# Meet Missy, an abandoned kitty in my complex.



## my5kitties (Sep 13, 2005)

This is Missy. Her owners moved, but left her behind because "she likes being outside". Her owners thought she was a boy and named her Roger. Well, she's not a boy, so I changed her name to Missy. It breaks my heart to see her sitting outside of the apartment where her owners used to live, looking for food. She's such a little lovebug. She rubs on me and my sons when we walk by her apartment. She needs a new home. I wish it could be with me, but I already have four cats and I just can't take anymore. :-(


----------



## marie73 (Jul 12, 2006)

Oh, she's gorgeous! Look at those stripes!! Love the little white paws, too.

Maybe if you post her picture and stories on Craigslist, someone will want to adopt her.


----------



## MowMow (Nov 6, 2010)

If my car could make the 14 hour trip I'd come down and get her. She's gorgeous and looks like a sweetie. Are you going to take her to your local shelter?


----------



## my5kitties (Sep 13, 2005)

Well, I'm not sure, but I think my cousin might be interested in Missy. His mom just recently lost her cat and may be looking for a new one. I'm waiting to hear from him to see what he says. 

Missy has the most gorgeous green eyes, but she's such a little wiggle worm. I was lucky to get the pictures that I got. Luckily my youngest son was with me, so I was able to get these pictures. Tomorrow I'm going to go back out with my daughter's camera and see if I can get some better pictures of her.

And Mow, the local shelter out here is a kill shelter. I know if I bring her there...well, you know... :-(


----------



## my5kitties (Sep 13, 2005)

Since I can't edit my previous post, I'll just post this here.

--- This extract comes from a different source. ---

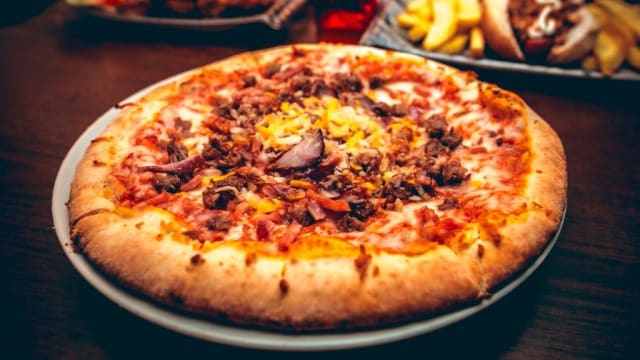 (Queso, tomate, lechuga, bacon, jamón y cebolla frita)

I just heard from my cousin. His mom isn't ready for a new cat right now. :-(


----------



## Susan (Mar 29, 2010)

She's such a sweetheart...it's beyond me how anyone could just leave her alone like that. As Marie suggested, perhaps posting on Craigslist might help, or perhaps kajiji. I hope you're able to find a new home for her.


----------



## dweamgoil (Feb 3, 2010)

Me, too...hoping for a good home for her...she's gorgeous!


----------



## OctoberinMaine (Sep 12, 2006)

What a cutie. I hope you're able to find a home for her. Do you work somewhere that you could post something on a company bulletin board?


----------



## Salemcat2 (Dec 28, 2010)

Oh that just made me want to cry! Abandoning animals is such a heartless thing to do!! Beautiful, sweet cat! I hope you can find a home for her.


----------



## jusjim (Jun 30, 2009)

Poor little, beautiful girl. She looks so lost and confused.


----------



## Time Bandit (Aug 17, 2010)

Aww, poor sweet girl.  I hope little Missy can find a new family soon...it's not fair to her what happened to her last one.


----------



## my5kitties (Sep 13, 2005)

Presto said:


> Are you giving her water and food? I'd take her, but I'm too far away. She'd have to be flown to me.
> 
> I certainly remember the terrible cat overpopulation problems in CA; I lived there nine years. Would love to help this cat. By the way, the people who abandoned her can be prosecuted. Animal Control or the SPCA will help you, if you get evidence (statements by the landlord and neighbors, and photos). If I remember correctly, it's a serious crime to abandon cats and dogs in CA.
> 
> Edited to add: where in CA is Montclair, exactly, please? Central Flatlands, north, south?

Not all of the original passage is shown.